— THE TASK —
Reproduce the records below in full and without edits, omitting images.

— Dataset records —
━━━

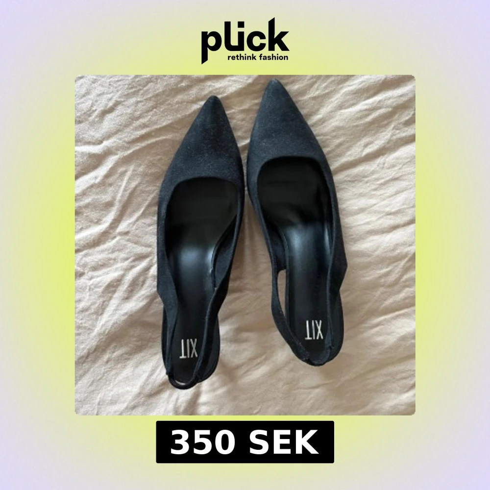 Snygga svarta pumps från XIT med spetsig tå och öppen häl. Skorna har en elegant låg klack och är tillverkade i mocka-liknande material. Perfekta för att lyfta din outfit med en stilren och modern touch. Aldrig använda
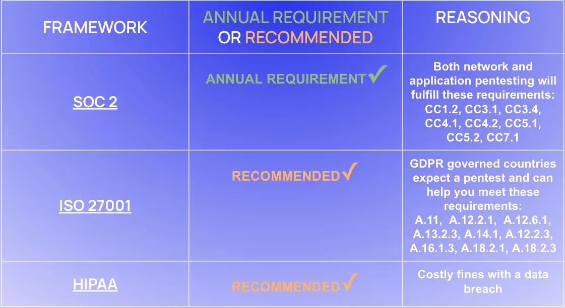 By conducting regular pentests, we not only comply with legal obligations but also build trust with our customers. It shows we're committed to safeguarding their information.
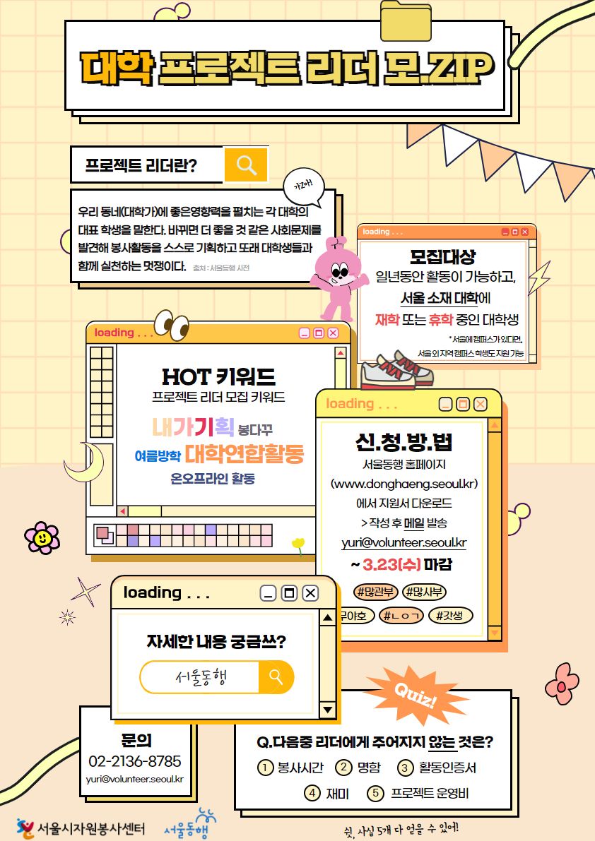 ☎ 02-2136-8785 / yuri@volunteer.seoul.kr
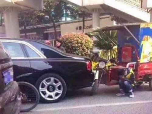 快遞小哥匆匆忙忙的送快遞,在車水馬龍的人流中,一個不小心,追了前車的尾,撞掉了前車的後保險槓。快遞小哥他認識這輛車,價值200多萬的豪車,被他的電動車給撞壞了。
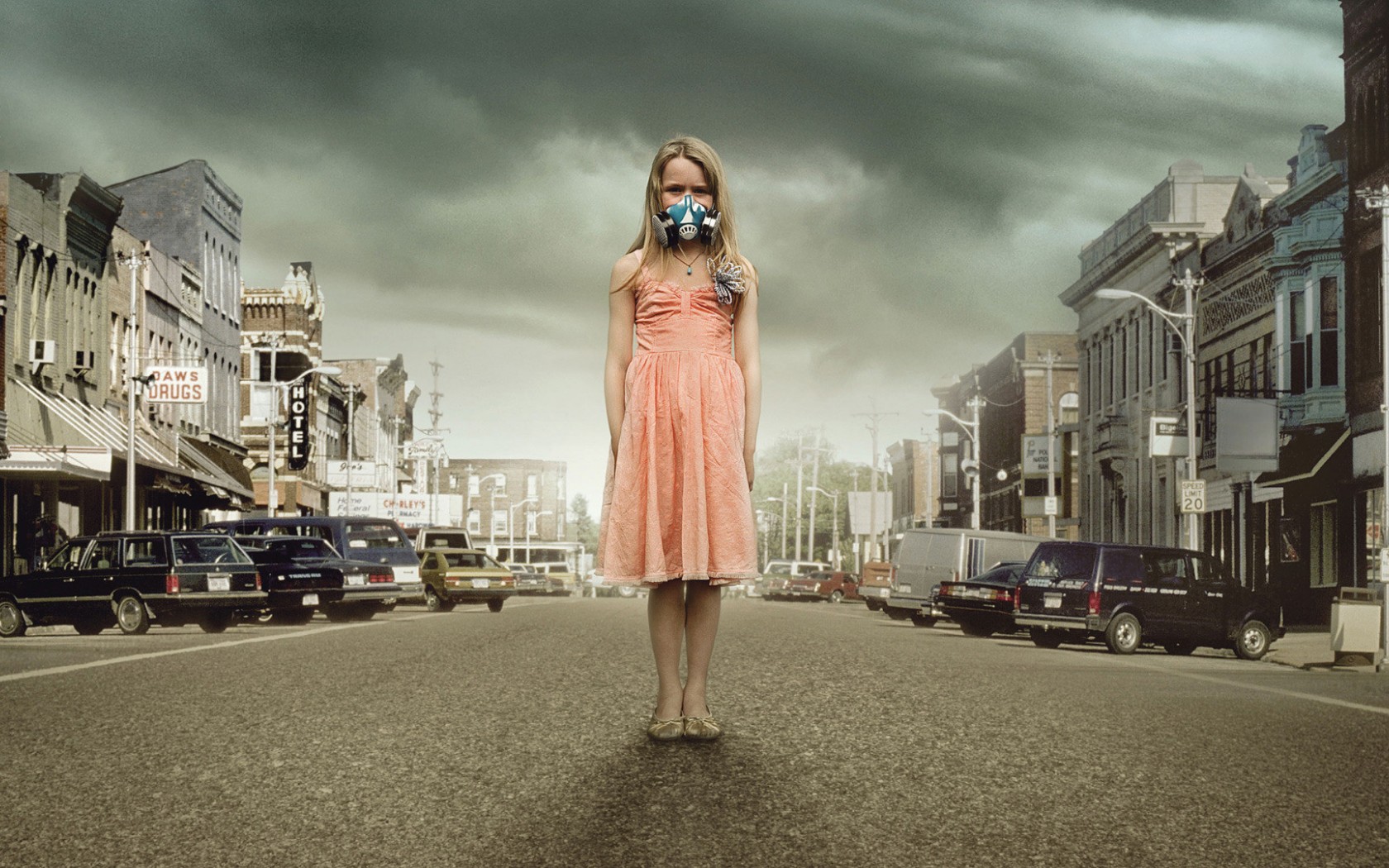 HD обои девочка в респираторе на фоне города - 1680x1050
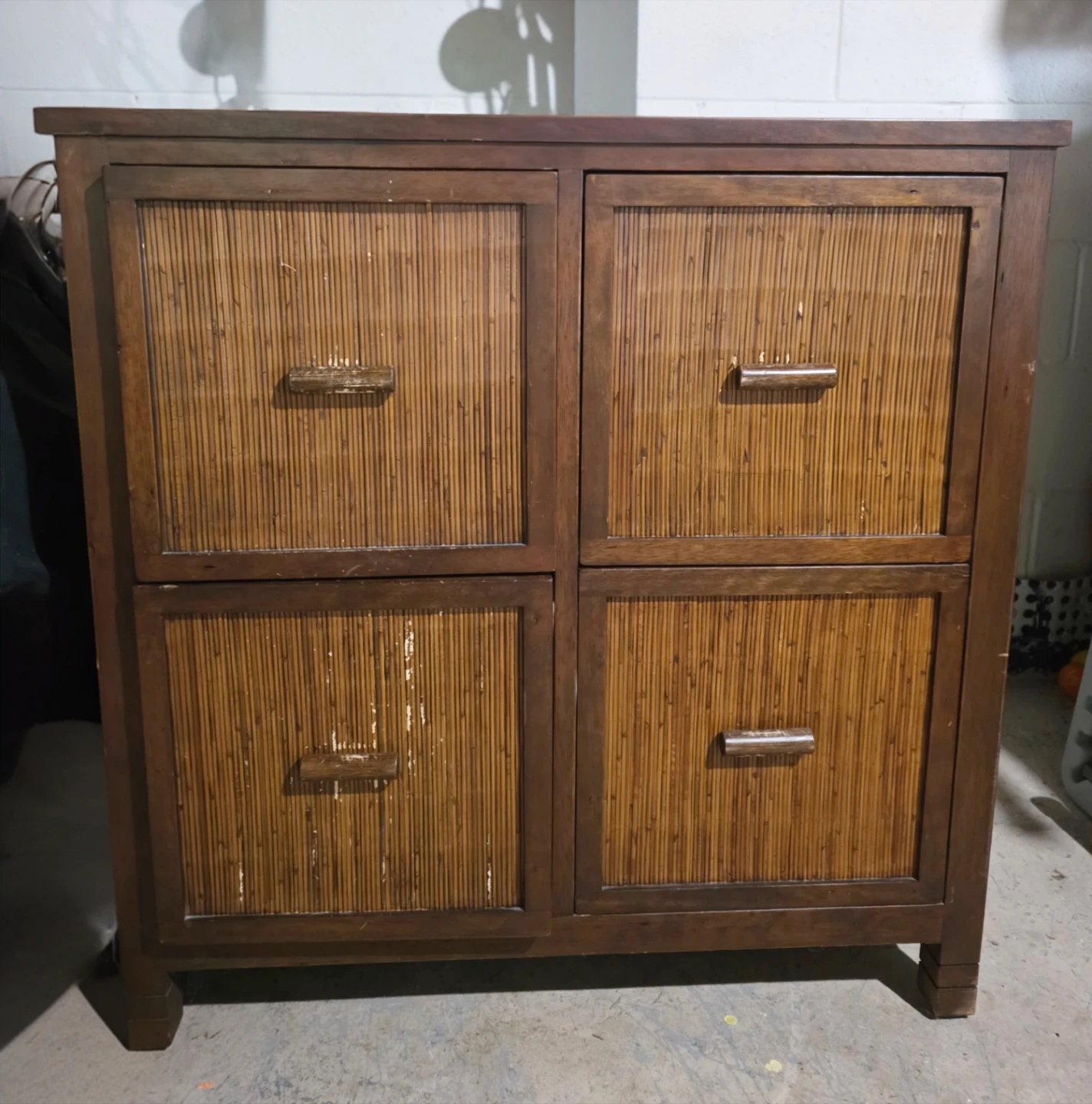 Wooden Cabinet with 4 Rattan Drawers

━━━

— SOLUTION —
 Snygga svarta pumps från XIT med spetsig tå och öppen häl. Skorna har en elegant låg klack och är tillverkade i mocka-liknande material. Perfekta för att lyfta din outfit med en stilren och modern touch. Aldrig använda
 By conducting regular pentests, we not only comply with legal obligations but also build trust with our customers. It shows we're committed to safeguarding their information.
 ☎ 02-2136-8785 / yuri@volunteer.seoul.kr
 快遞小哥匆匆忙忙的送快遞,在車水馬龍的人流中,一個不小心,追了前車的尾,撞掉了前車的後保險槓。快遞小哥他認識這輛車,價值200多萬的豪車,被他的電動車給撞壞了。
 HD обои девочка в респираторе на фоне города - 1680x1050
 Wooden Cabinet with 4 Rattan Drawers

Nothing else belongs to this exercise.